Secondly, the biocompatibility of HPG solutions versus Physioneal solution in peritoneal dialysis was examined by the presence of neutrophils and HBME-1 -stained cells (peritoneal mesothelial cells) in dialysate. As shown in Figure 20, the percentage of neutrophils in all of the recovered HPG PD solutions was lower than that of Physioneal solution after 4 h of dwell time. Rats received 30 mL of various HPG solutions or conventional Physioneal 40 (2.27% glucose) solution by intraperitoneal injection. The dialysates were harvested after 4 h of dwell time. The percentage of neutrophils was counted using a flow cytometry. The data presented the mean ± SD of four animals in each group.
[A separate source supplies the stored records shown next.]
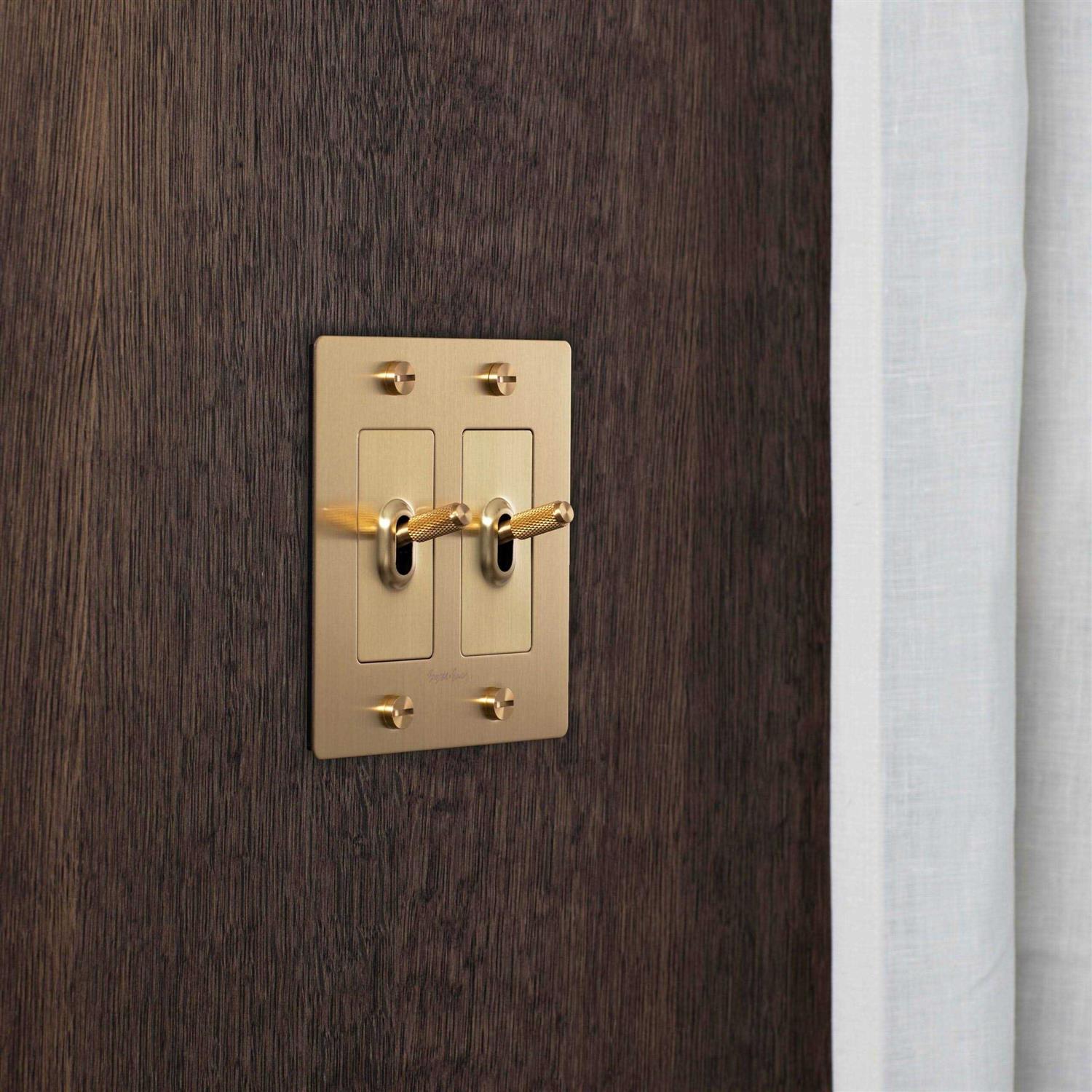 A double toggle switch with a diamond-cut knurled knob to feel amazing with every touch. The switch is finished with a solid metal plate and our signature solid metal penny buttons. Available in 5 different finishes. You can also team them up with our dimmers, duplex and USB outlets in matching finishes.
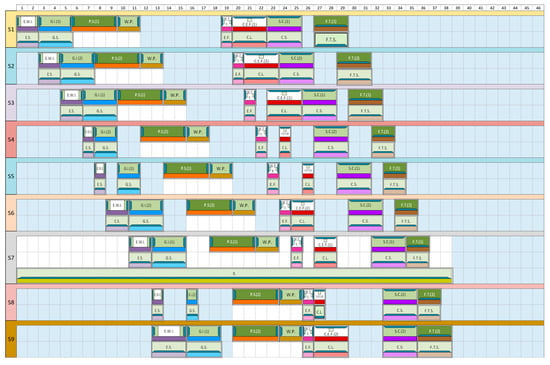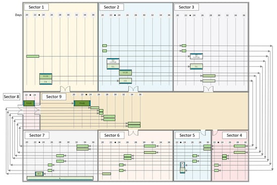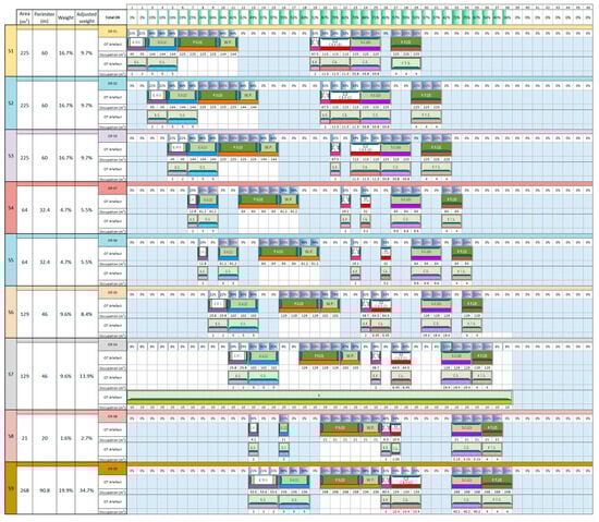 The initial creation of the DMORS is mainly carried out using the same procedure as for chronographic modeling [,], and by applying the mini artifacts in Figure 10. This will generate the schedule presented in Figure 11 and Figure 12. It will then be possible to display the occupancy that each OT will have in the area where they are positioned and to calculate and display the OR by period, for each sector, for each floor, and for the entire project, thus giving the schedule presented in Figure 13.
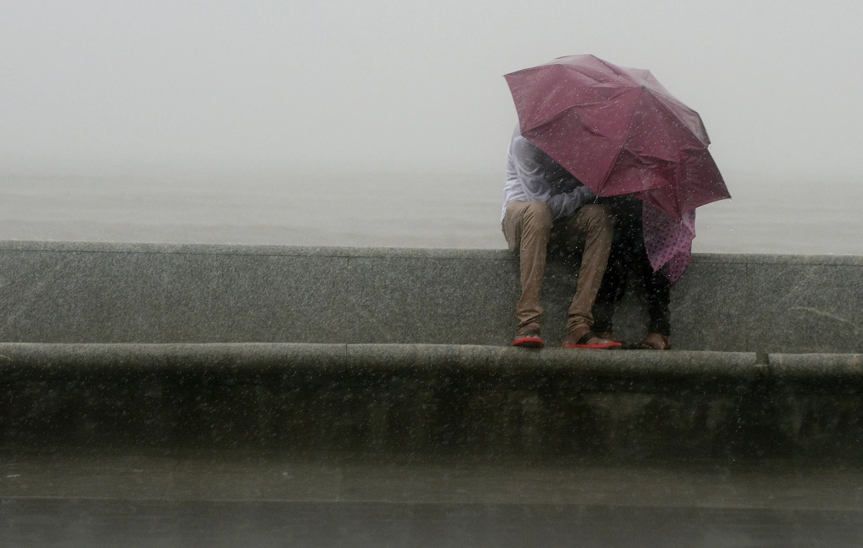 An Indian couple sit together under an umbrella during heavy rain showers at the sea front in Mumbai on July 12, 2013. The monsoon season, which runs from June to September, accounts for about 80 percent of India's annual rainfall, vital for a farm economy which lacks adequate irrigation facilities. (Photo by Punit Paranjpe/AFP Photo)
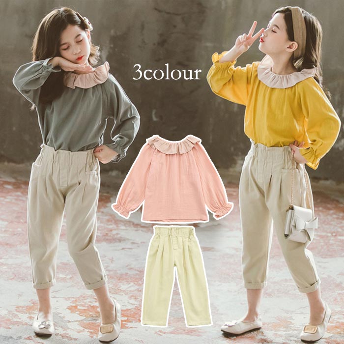 キッズ セットアップ 100cm 110cm 120cm 130cm 140cm 150cm 160cm 韓国子供服 2点セット 女の子 カジュアル ナチュラル 春秋 トップス+ズボン
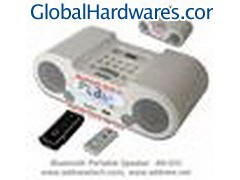 Bluetooth Portable iPod Speakers AN-031Bluetooth 2.0 Built-in - iPod Dock MMC/SD Card Input - USB Input Remote control Output power: 3Wx2 Speaker Driver: 2''x2 Impedance: 4ohm Frequency response: 50HZ-18KHZ Unit dimension: 280x145x90mm Signal to noise ratio: >80dB Digital clock display
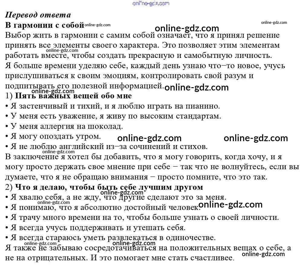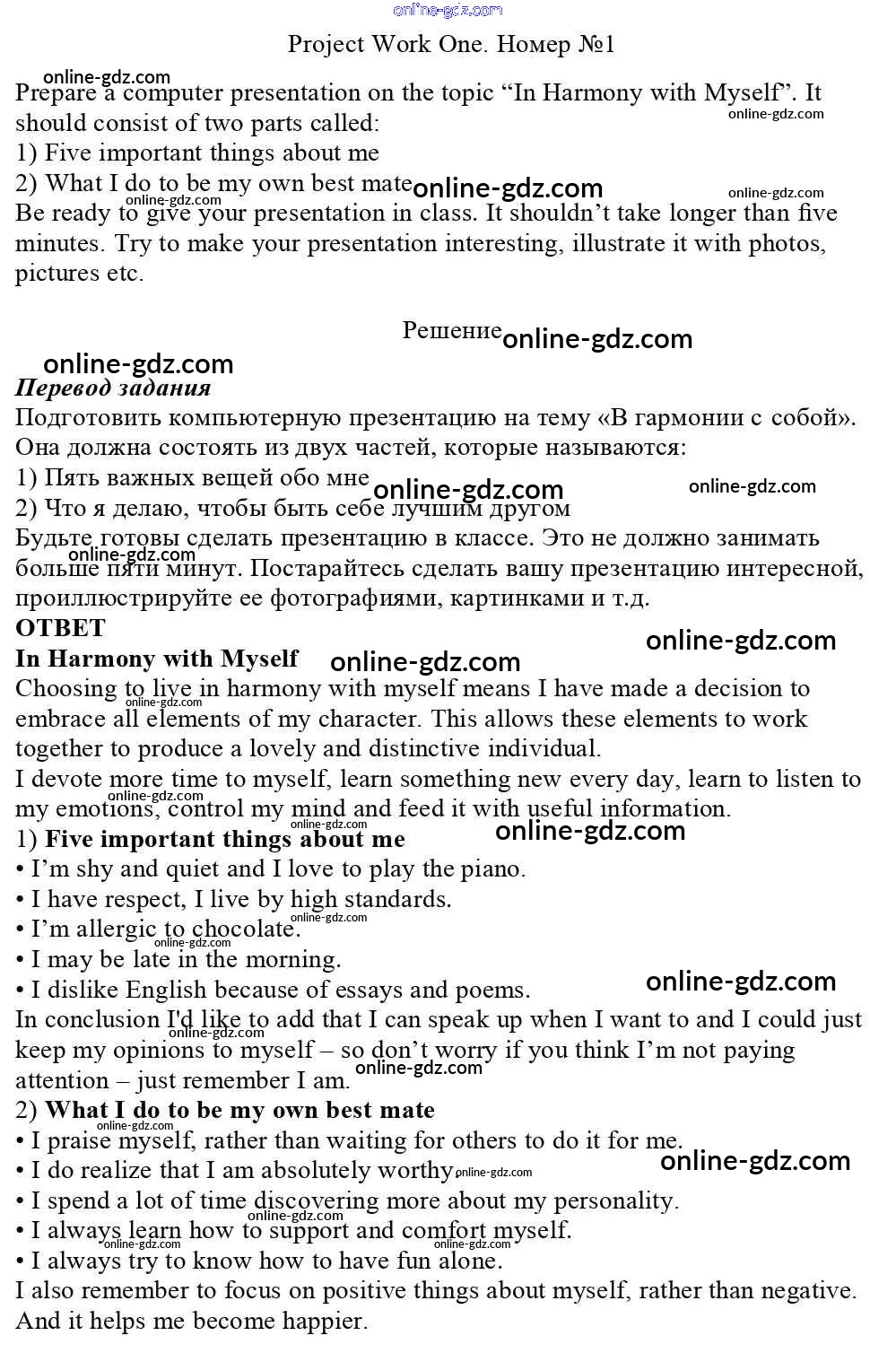 Готовые домашние задания по Английскому языку за 10 класс Учебник Афанасьева, Михеева Rainbow Базовый уровень 2016 - Project Work Unit 1. In Harmony with Yourself 1
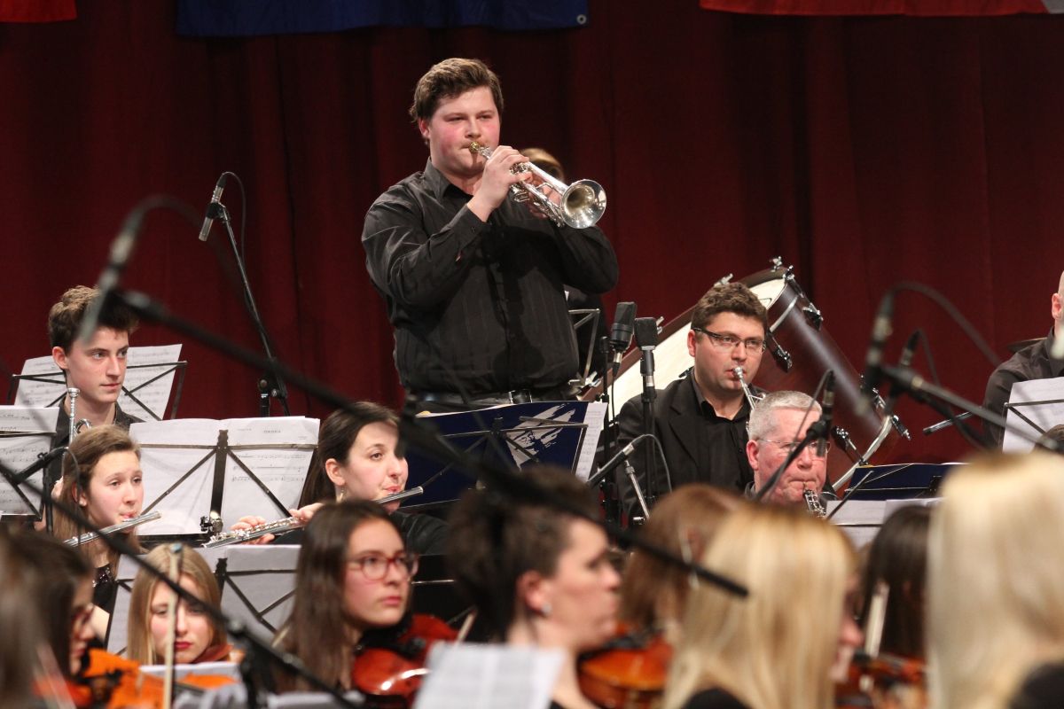 Simfoničnemu orkestru se je tokrat v športni dvorani Marof priključil Big band glasbene šole Marjana Kozine, ki ga je pred dobrim letom začel sestavljati izvrstni jazzovski alt saksofonist Jaka Kopač, ki na šoli poučuje saksofon. Tokrat se je big band simfonikom pridružil pri skladbi, posvečeni legendarnemu jazz trobentaču Louisu Armstrongu, Satchmo, v kateri so se prepletale njegove najbolj znane melodije, in kasneje, ko je izza klavirja stopila pianistka simfoničnega orkestra Ana Čop in odpela nekoliko jazzovsko obarvan solo v legendarnih skladbah zlate dobe slovenske popevke Orion Jurija Robežnika in Zemlja pleše Mojmirja Sepeta.
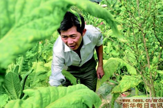 余啟良在烤煙種植基地勞作。記者 田朝暉 攝
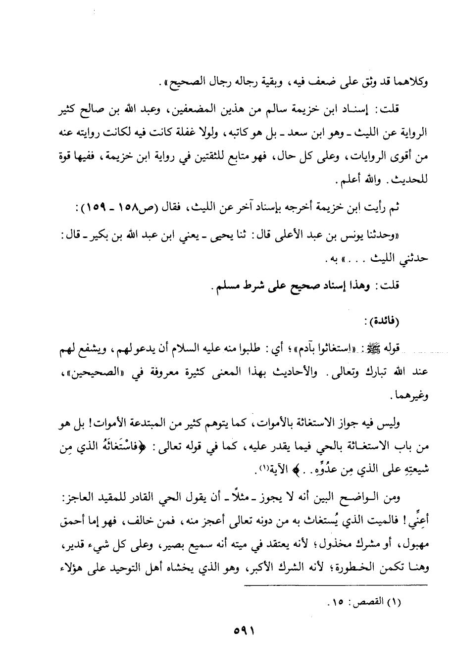 وغيرهما. وليس فيه جواز الاستغاثة بالأموات، كما يتوهم كثير من المبتدعة
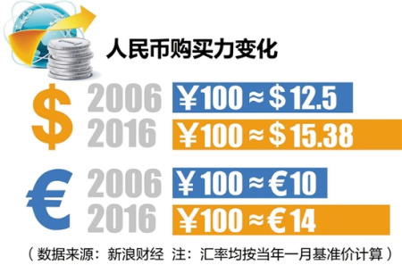 出境游人數(shù)11年增長(zhǎng)2.5倍,與中國(guó)人均GDP增速不謀而合。而人民幣匯率從2006年100元人民幣約兌換10歐元,上升至2016年約兌換14歐元,上升近50%。人民幣兌美元也從2006年的100元人民幣約兌換12.5美元,上升至2016年約兌換15.38美元,上升近25%。人民幣更值錢、錢袋子更鼓讓國(guó)人出境游更有底氣。
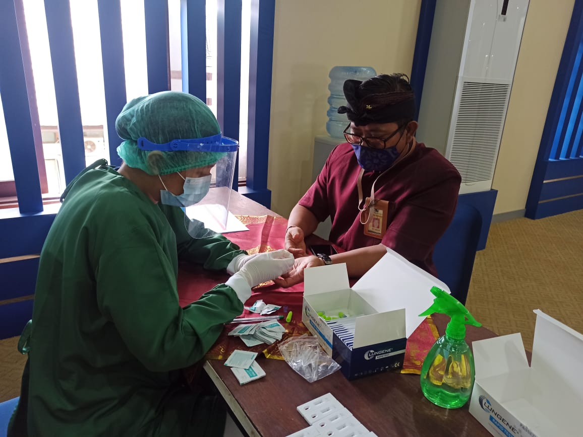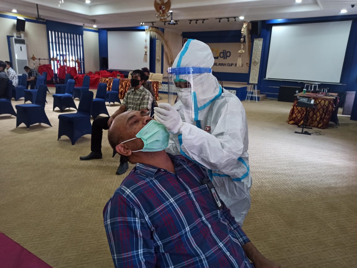 Dalam rangka mengurangi jumlah penyebaran Corona Virus Disease 2019 (Covid-19), Kantor Wilayah Direktorat Jenderal Pajak (Kanwil DJP) Bali mengadakan tes cepat rutin di Aula Kanwil DJP Bali (Jumat, 11/12). Kegiatan ini diikuti oleh 161 pegawai yang terdiri dari pejabat eselon II, eselon III, eselon IV, fungsional, pelaksana, hingga honorer yang ada di Kanwil DJP Bali. Kegiatan tes cepat yang dilaksanakan selama 2 hari pada 10 s.d. 11 Desember 2020 ini merupakan kegiatan rutin Kanwil DJP Bali setiap bulan selama masa pandemi Covid-19.

The superior biocompatibility of HPG PD solutions versus Physioneal solution in the peritoneal dialysis was also indicated by the less detached peritoneal mesothelial cells, stained positively with anti-HBME-1 antibody conjugated with FITC. Figure 21 shows that a significant FITC stain was found in the recovered Physioneal solution, while barely detectable levels of FITC stain were seen in any of HPG PD solutions, which indicates less detached peritoneal mesothelial cells in the dialysate after dialysis with HPG solutions compared to that with Physioneal solution. Rats received 30 mL of various HPG PD solutions or conventional Physioneal 40 (2.27% glucose) solution by intraperitoneal injection. The dialysates were harvested after 4 h of dwell time. The mesothelial cells were stained with anti-HBME-1 antibody conjugated with FITC, and were counted using a flow cytometry. The data presented the mean ± SD of four animals in each group. Control samples were stained with a control antibody conjugated with FITC.

Although various embodiments of the invention are disclosed herein, many adaptations and modifications may be made within the scope of the invention in accordance with the common general knowledge of those skilled in this art. Such modifications include the substitution of known equivalents for any aspect of the invention in order to achieve the same result in substantially the same way. Numeric ranges are inclusive of the numbers defining the range. The word "comprising" is used herein as any open-ended term, substantially equivalent to the phrase "including, but not limited to", and the words "comprise" and "comprises" have a corresponding meaning. As used herein, the singular forms "a", "an" and "the" include plural referents unless the context clearly dictates otherwise. Thus, for example, reference to "a thing" includes more than one such thing.

Citation of references herein is not an admission that such references are prior art to the present invention nor does it constitute any admission as to the contents or date of these documents.